Psyops - RFC/RAF Leaflet Drops
Fundamentally there two ways to defeat an enemy. Destroy them, or cause them to loose the will to fight, indeed it usually a combination of both. The attritional war of WW1 ended when the Germans could see no point in going on.
So why talk about leaflet drops in relation to the Royal Artillery ? In the modern targeting process Psyops is often part of the mechanism in reducing the enemies will to fight, the use of firepower being integrated with non kinetic methods.
So this information posted by Phil B is very interesting;
This is an interesting piece about early psyops. Was leaflet dropping eventually agreed to be lawful and did Scholtz & Wookey slip back into obscurity?

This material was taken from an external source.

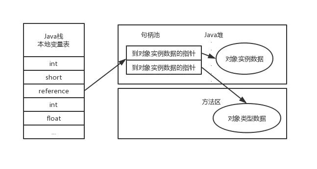 如果使用句柄访问的话,那么Java堆中将会划分出来一块内存作为句柄池,reference中存储的就是对象的句柄地址,而句柄中包含了对象实例数据与类型数据各自的具体地址信息。如下图所示。

The Allied leaflets enraged the Germans, who actually placed captured British pilots who dropped them on trial for their lives. In one very famous case, the Germans condemned two British pilots, Captain E. Scholtz and Lieutenant H.C. Wookey to prison. The two pilots were shot down and captured near Cambrai on 17 October 1917. They were charged with "the distribution in September 1917 of pamphlets detrimental to German troops." They were tried, found guilty of treason, and sentenced to 10 years at hard labor. The British government threatened severe reprisals against German officers, so in April 1918 the pilots were pardoned by the Kaiser and sent to a regular POW camp at Karlsruhe. According to Blankenhorn, the Americans, "fully aware of the enemy threats, made it a point to fly defiantly low as possible and drop their leaflets directly on German positions." This so embarrassed the British that they returned to the airplane for leaflet drops in the last weeks of the war. He also states that some British pilots burned the leaflets in their hangars to avoid carrying them over enemy lines.
Dr. Philip M. Taylor, author of "Munitions of the Mind - A History of Propaganda from Ancient World to the Present Day," Manchester University Press, Manchester and New York, 1995, discusses the legal issue in more depth:
For most of 1918 , the principal method of distributing enemy propaganda was leaflets not airplane. This was because at the end of the 1917, four captured British airmen were tried by a German court martial for 'having distributed pamphlets containing insults against the German army and Government among German troops in the Western Theatre of War.' Although two of the accused were acquitted due to lack of evidence, and although the court itself questioned the ruling about whether this act was a violation of international law, two officers were sentenced to ten years imprisonment. When news of this punishment reached the war office in January 1918, all leaflet dropping by airplane was suspended. Reprisals were threatened, resulting in the pardoning of the two British officers, who were returned to their camps and treated as normal prisoners of war. But the Air Ministry remained reluctant to commit its men and machines to leaflet raids and the suspension order remained in force until October 1918, barely a month before the end of war.